The distinctive elements that once symbolized "old Nankai," such as the school song, the blue lotus and purple school colors, the school motto, and Chang Po-ling himself, were intentionally downplayed. Chang Po-ling's legacy was gradually diluted, and he was omitted from the history of Nankai School, with sole credit given to Yan Xiu as the founder of Nankai School.

In 1952, following the restructuring of Nankai University, a meeting was held that deviated from Chang Po-ling's vision of establishing a comprehensive university encompassing four disciplines: liberal arts, science, engineering, and business. Instead, the university was reduced to a liberal arts and science institution with only nine departments, including mathematics, physics, chemistry, biology, philosophy, Chinese, history, foreign languages, and economics.

During the Cultural Revolution, the Red Guard desecrated Chang Po-ling's cemetery by smashing the tombstone. Descendants had to gather the bones, cremate them, and store the ashes in a closet at home. Chang Po-ling, the granddaughter of the late Chang Po-ling and a former member of the CPPCC Standing Committee, expressed sorrow, saying, "My grandparents passed away without a final resting place."

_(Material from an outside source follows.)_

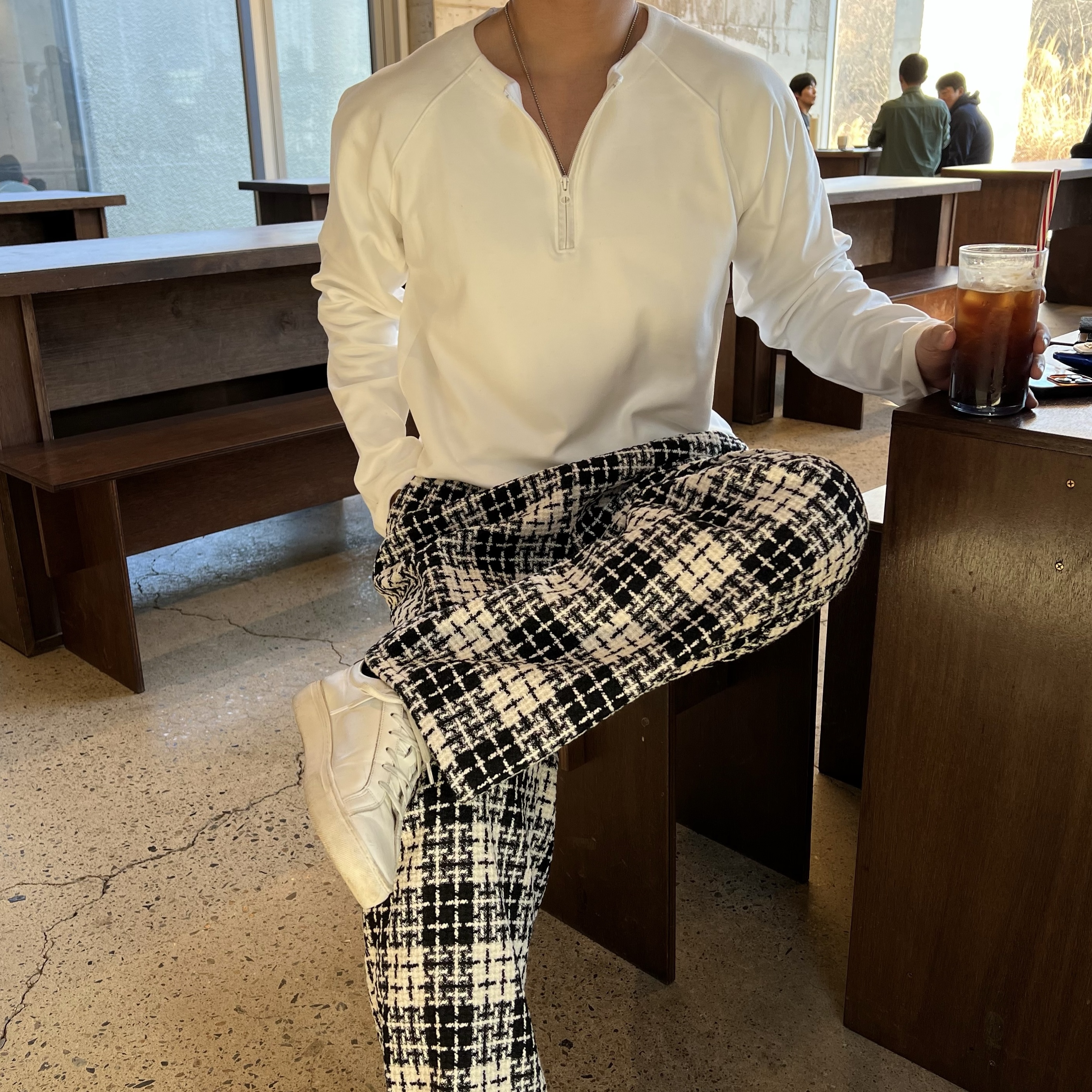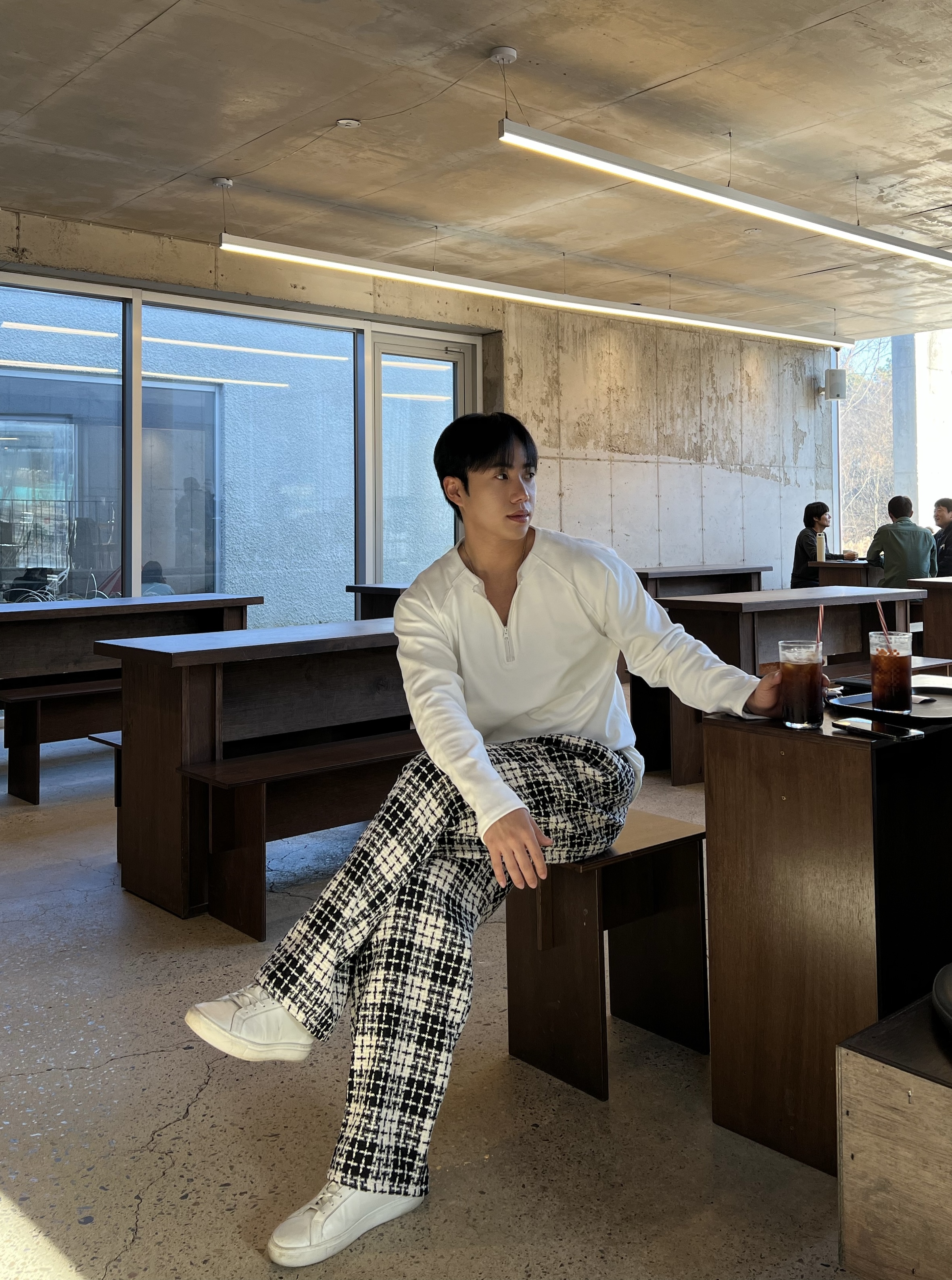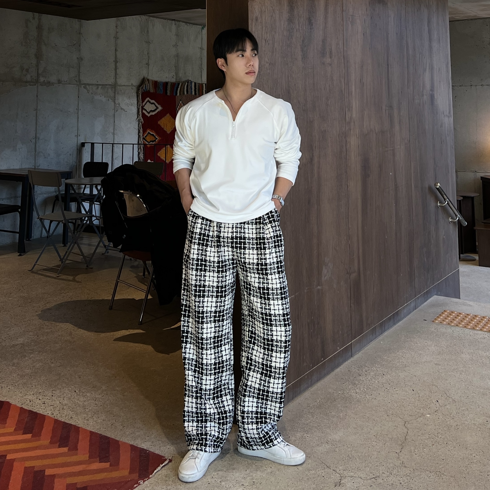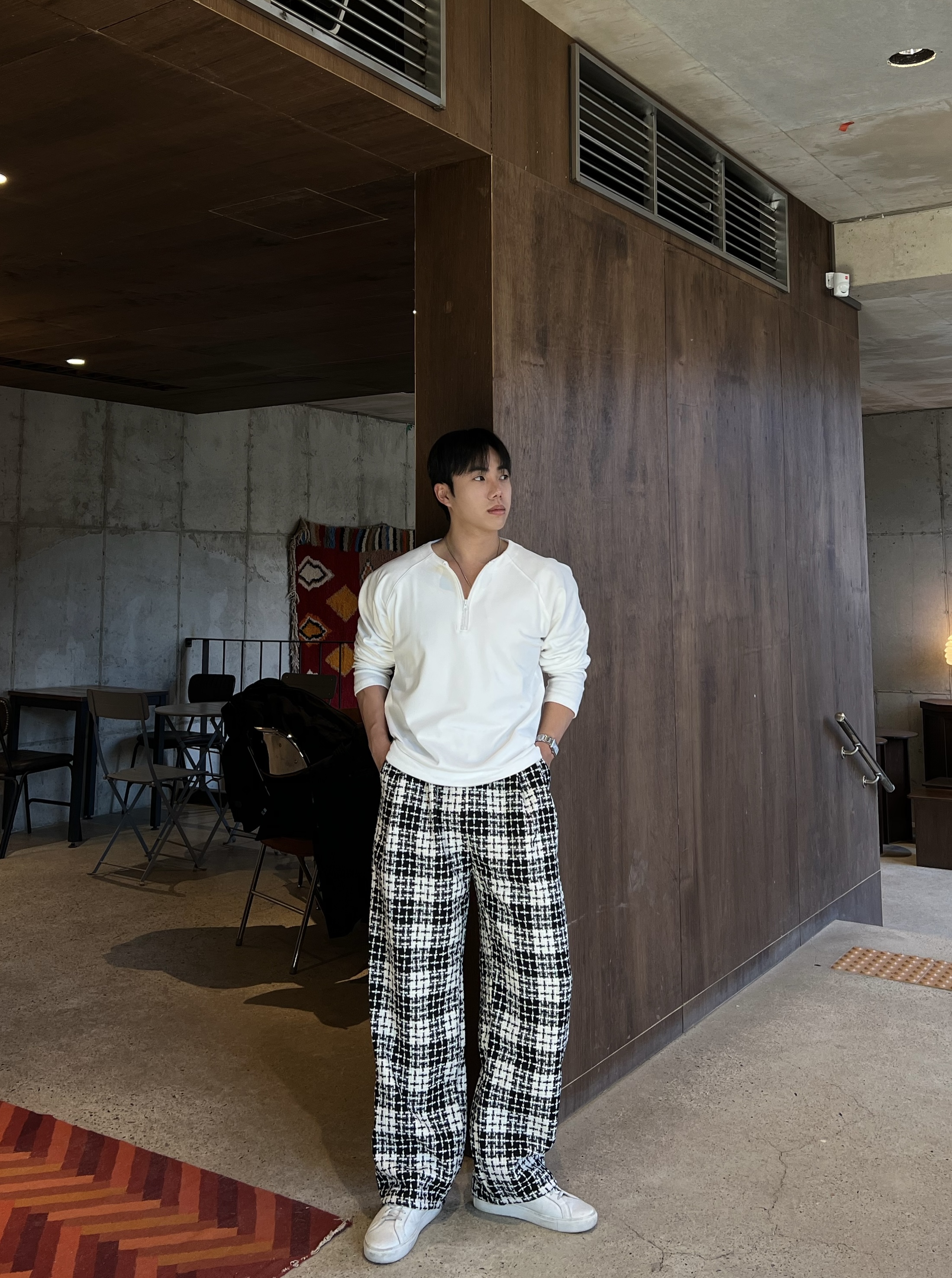 - 코디 포인트가 되어주는 패턴 팬츠로 상의는 심플하게, 하의 하나로 룩 완성

=== Memorial statues and buildings ===
Statues of Chang Po-ling have been erected at Nankai University, Tianjin Nankai Middle School, Chongqing Nankai Middle School, the former site of National Southwest Associated University, and other campuses as a tribute to his legacy. Both Nankai University and Nankai Middle School have buildings named after Chang Po-ling. In 1999, the Po-ling Building was constructed on the campus of Nankai University. Tianjin Nankai Middle School renamed its 1906 East Building as the Po-ling Building.

In October 2004, three bronze statues of Yan Xiu, Chang Po-ling, and Zhou Enlai were built in the Xiangyu Park in front of Nankai Middle School in Tianjin.

On October 16, 2013, alumni donated two bronze statues of Yan Xiu and Chang Po-ling, which were completed and installed on the campus of Nankai Middle School in Tianjin.

Furthermore, MingDao University in Taiwan named its administrative center the Po-ling Building in honor of Chang Po-ling, recognizing him as an exemplary educator dedicated to lifelong service.

=== Literature ===
In August 2005, the TV series " Chang Po-ling" broadcast in China CCTV. In 2017, the historical and humanistic documentary "There was a School named Nankai" was broadcast on CCTV and Tianjin TV successively.